#### [EXERCISE DETAILS]
Exactly the lines from the one containing "Украинская общественная организация" through the final line of the data below, with pictures omitted, make up the answer.

#### [DATA BLOCK]

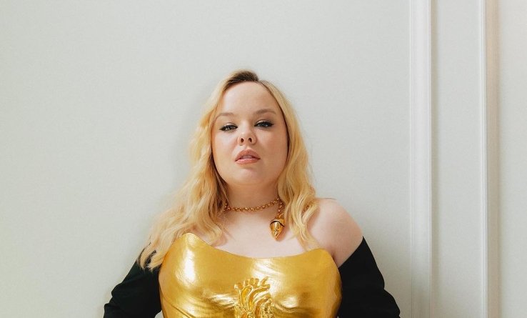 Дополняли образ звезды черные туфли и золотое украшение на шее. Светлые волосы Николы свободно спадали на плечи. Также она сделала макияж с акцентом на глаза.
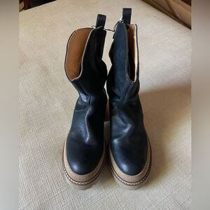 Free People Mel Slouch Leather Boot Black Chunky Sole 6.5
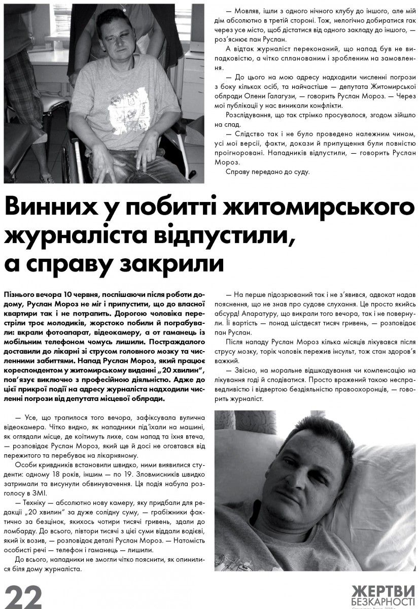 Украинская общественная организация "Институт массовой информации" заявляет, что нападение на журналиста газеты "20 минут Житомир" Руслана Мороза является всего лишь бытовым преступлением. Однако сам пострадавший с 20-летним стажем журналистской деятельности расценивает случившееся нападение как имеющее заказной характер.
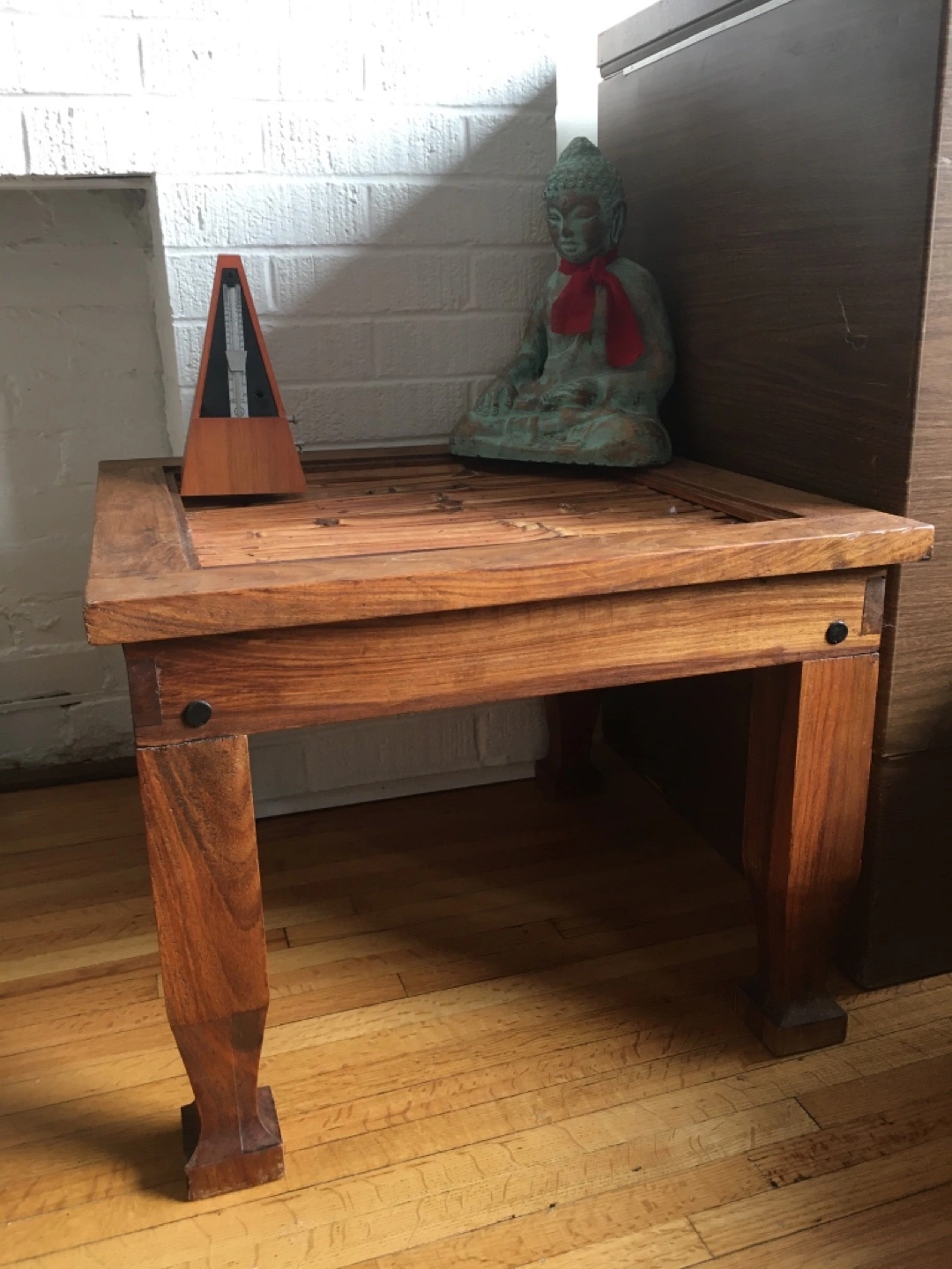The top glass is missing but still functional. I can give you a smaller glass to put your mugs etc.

#### [RESPONSE AREA]
 Украинская общественная организация "Институт массовой информации" заявляет, что нападение на журналиста газеты "20 минут Житомир" Руслана Мороза является всего лишь бытовым преступлением. Однако сам пострадавший с 20-летним стажем журналистской деятельности расценивает случившееся нападение как имеющее заказной характер.
The top glass is missing but still functional. I can give you a smaller glass to put your mugs etc.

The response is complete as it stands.